= EXCERPTED DATA =
▬▬▬

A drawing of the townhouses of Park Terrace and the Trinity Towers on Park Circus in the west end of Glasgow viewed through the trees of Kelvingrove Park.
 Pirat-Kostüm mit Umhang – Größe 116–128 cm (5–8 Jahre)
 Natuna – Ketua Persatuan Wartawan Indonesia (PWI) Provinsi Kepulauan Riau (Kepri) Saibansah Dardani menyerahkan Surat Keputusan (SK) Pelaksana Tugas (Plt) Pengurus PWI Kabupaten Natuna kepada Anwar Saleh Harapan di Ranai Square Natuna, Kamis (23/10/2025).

▬▬▬

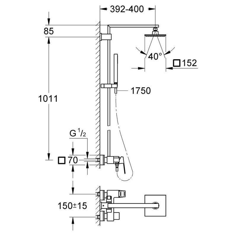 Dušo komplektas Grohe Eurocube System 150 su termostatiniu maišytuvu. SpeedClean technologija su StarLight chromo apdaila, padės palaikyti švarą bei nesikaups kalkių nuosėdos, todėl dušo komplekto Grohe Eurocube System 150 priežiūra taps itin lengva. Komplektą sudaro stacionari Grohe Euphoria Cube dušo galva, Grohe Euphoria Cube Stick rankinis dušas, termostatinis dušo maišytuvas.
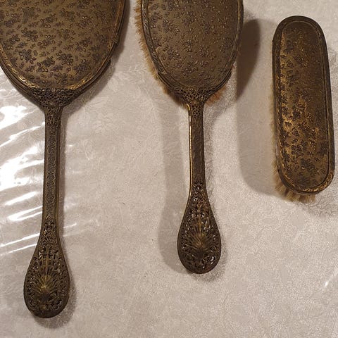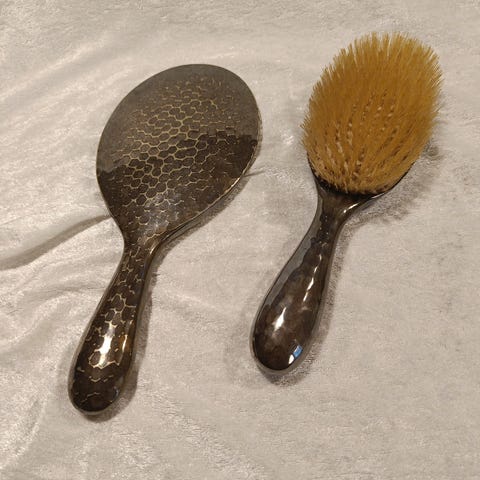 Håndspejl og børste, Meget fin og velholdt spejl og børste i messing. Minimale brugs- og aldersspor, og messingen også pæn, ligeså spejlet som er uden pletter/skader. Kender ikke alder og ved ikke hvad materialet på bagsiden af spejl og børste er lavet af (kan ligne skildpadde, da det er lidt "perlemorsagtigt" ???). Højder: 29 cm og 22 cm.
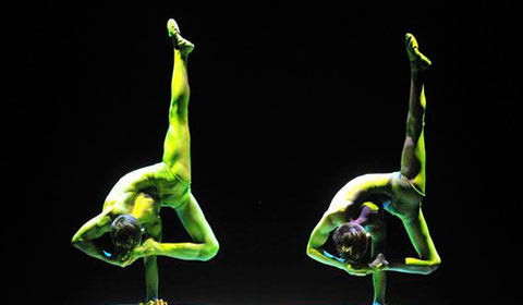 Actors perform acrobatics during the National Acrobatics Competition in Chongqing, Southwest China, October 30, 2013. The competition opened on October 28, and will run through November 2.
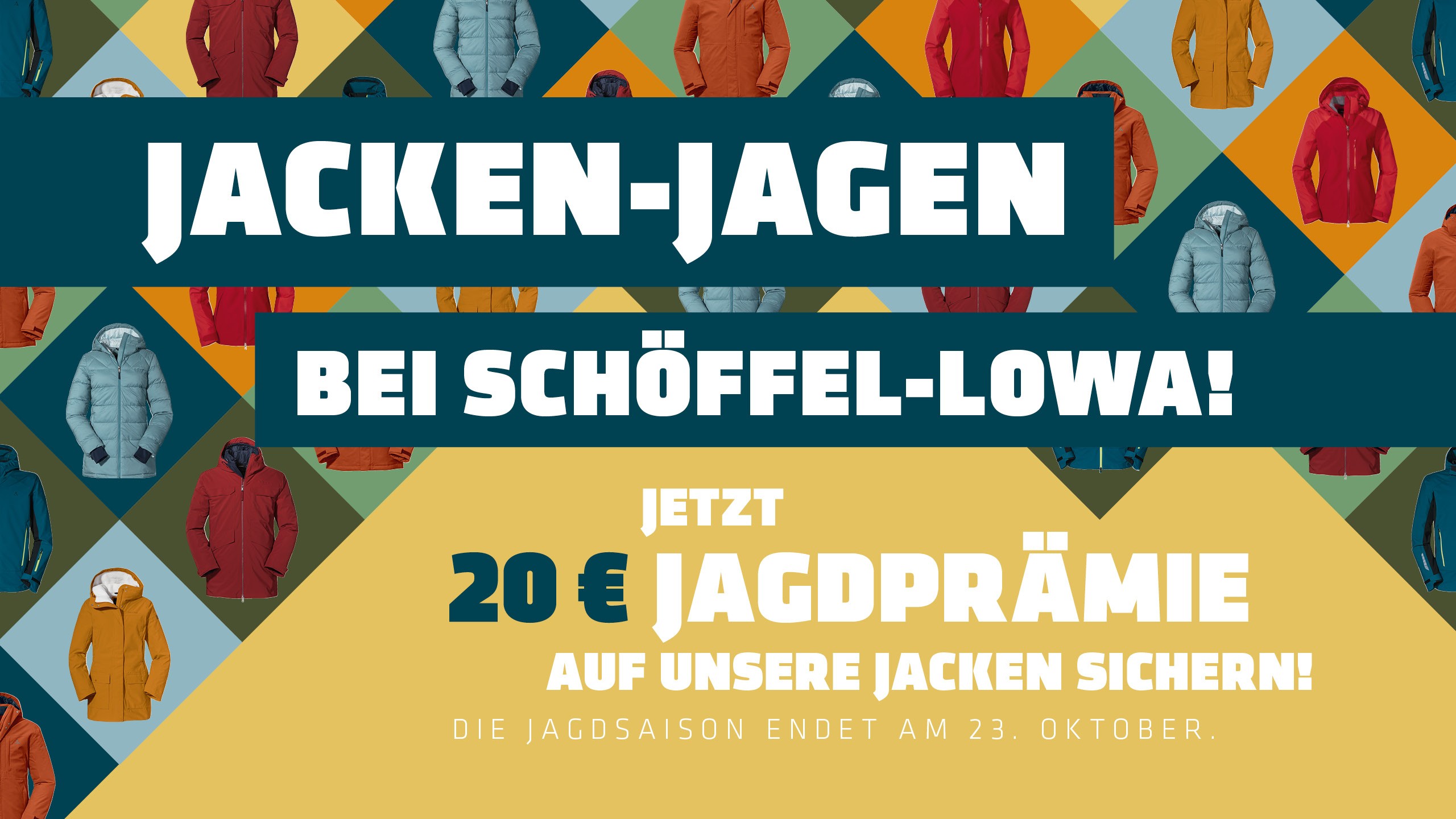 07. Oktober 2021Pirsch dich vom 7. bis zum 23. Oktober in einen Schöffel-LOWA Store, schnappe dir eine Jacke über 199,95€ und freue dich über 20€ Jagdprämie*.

▬▬▬

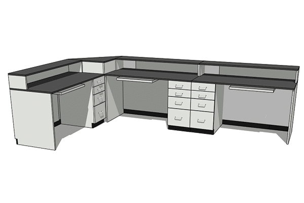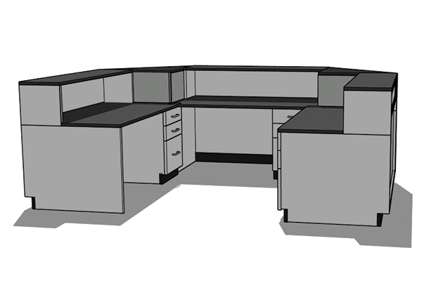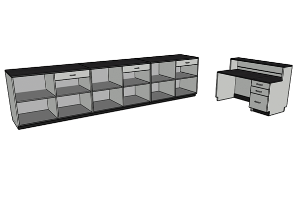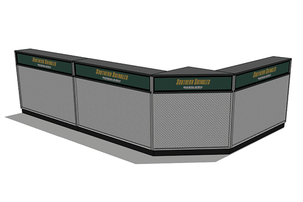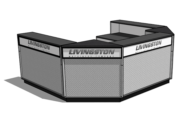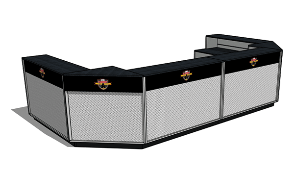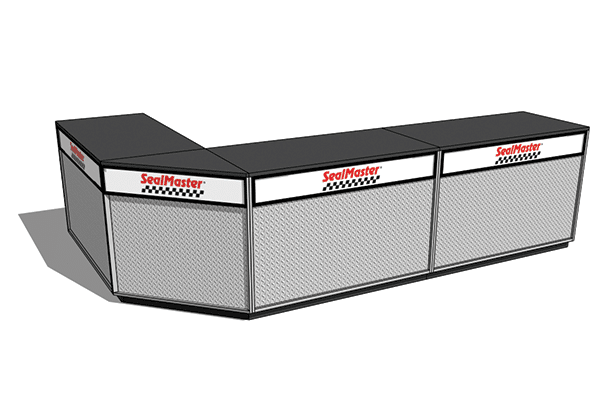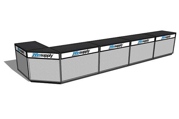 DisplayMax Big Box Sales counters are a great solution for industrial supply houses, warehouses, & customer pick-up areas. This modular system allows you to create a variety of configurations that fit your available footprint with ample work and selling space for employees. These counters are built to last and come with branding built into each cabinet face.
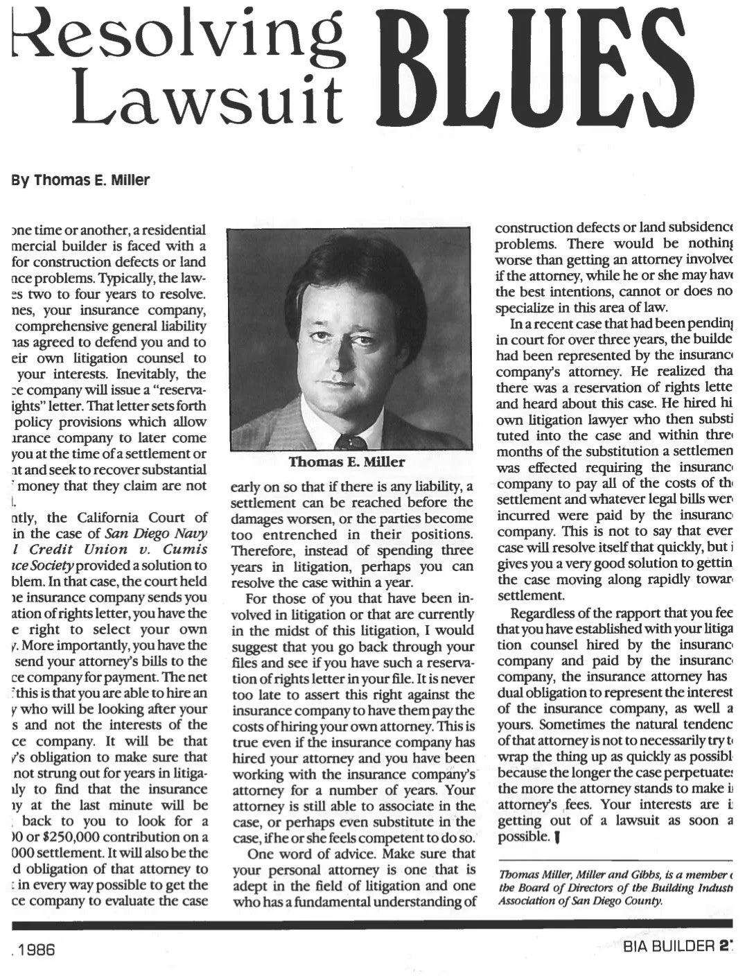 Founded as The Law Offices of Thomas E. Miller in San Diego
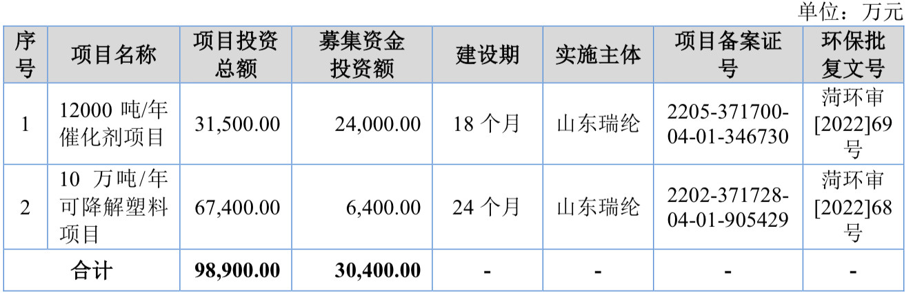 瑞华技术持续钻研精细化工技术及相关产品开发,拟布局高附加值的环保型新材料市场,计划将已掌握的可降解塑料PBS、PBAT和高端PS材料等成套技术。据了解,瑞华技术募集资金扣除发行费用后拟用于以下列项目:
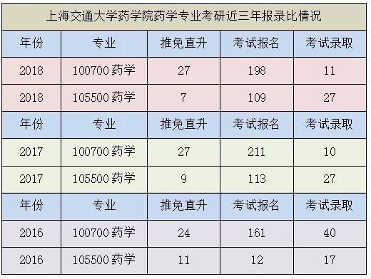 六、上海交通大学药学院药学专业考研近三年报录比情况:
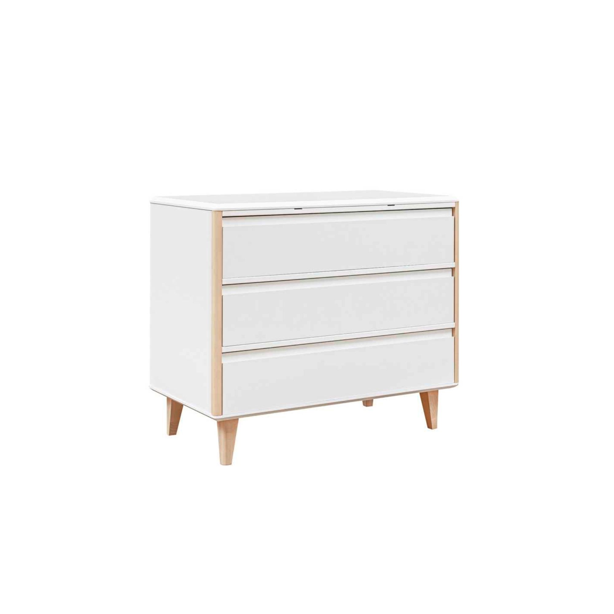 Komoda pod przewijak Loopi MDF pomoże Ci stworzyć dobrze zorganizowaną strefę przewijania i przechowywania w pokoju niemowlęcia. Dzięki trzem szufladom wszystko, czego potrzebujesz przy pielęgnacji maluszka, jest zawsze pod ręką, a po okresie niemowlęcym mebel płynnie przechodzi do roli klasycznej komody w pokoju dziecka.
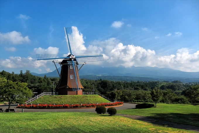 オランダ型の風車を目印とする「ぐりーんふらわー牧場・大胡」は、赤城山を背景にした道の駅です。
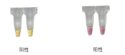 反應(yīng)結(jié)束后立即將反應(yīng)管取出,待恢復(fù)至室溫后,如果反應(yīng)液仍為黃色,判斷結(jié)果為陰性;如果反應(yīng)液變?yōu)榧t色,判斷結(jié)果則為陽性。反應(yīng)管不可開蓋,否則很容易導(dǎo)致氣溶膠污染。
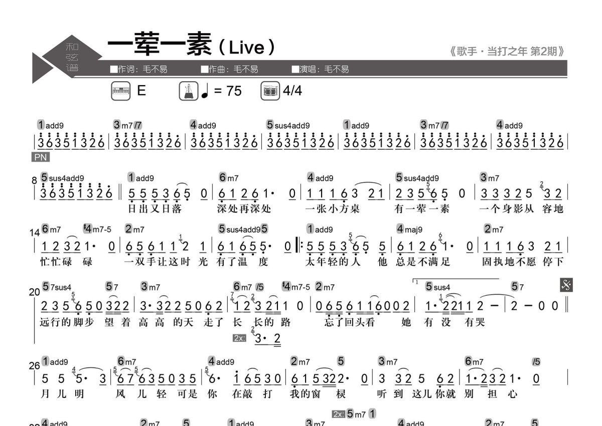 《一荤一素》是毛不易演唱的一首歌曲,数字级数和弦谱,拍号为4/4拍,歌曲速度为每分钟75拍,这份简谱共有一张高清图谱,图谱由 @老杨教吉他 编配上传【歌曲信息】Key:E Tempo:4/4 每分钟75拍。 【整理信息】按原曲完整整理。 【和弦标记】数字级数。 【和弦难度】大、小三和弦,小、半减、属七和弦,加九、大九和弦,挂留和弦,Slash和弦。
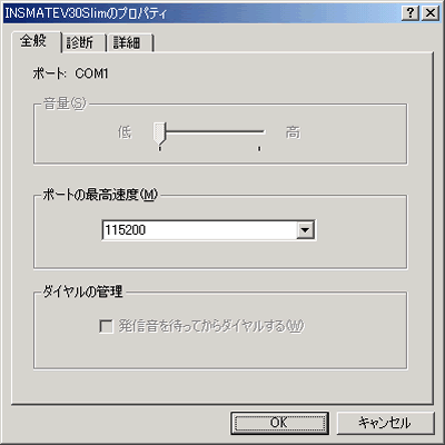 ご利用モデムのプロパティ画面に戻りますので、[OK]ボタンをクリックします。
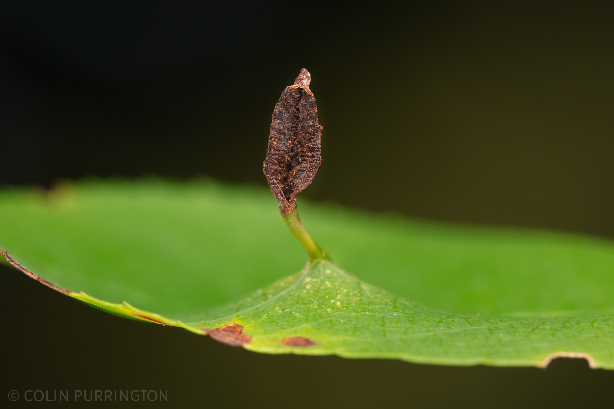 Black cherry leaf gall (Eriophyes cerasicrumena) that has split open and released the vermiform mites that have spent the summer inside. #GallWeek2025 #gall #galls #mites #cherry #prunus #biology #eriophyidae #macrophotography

▬▬▬

= DIRECTIONS FOR THIS TASK =
With pictures excluded, reproduce exactly the lines above from the one containing "Actors perform acrobatics" down to the one containing "07. Oktober 2021Pirsch", those two included.

= TASK ANSWER =
 Actors perform acrobatics during the National Acrobatics Competition in Chongqing, Southwest China, October 30, 2013. The competition opened on October 28, and will run through November 2.
 07. Oktober 2021Pirsch dich vom 7. bis zum 23. Oktober in einen Schöffel-LOWA Store, schnappe dir eine Jacke über 199,95€ und freue dich über 20€ Jagdprämie*.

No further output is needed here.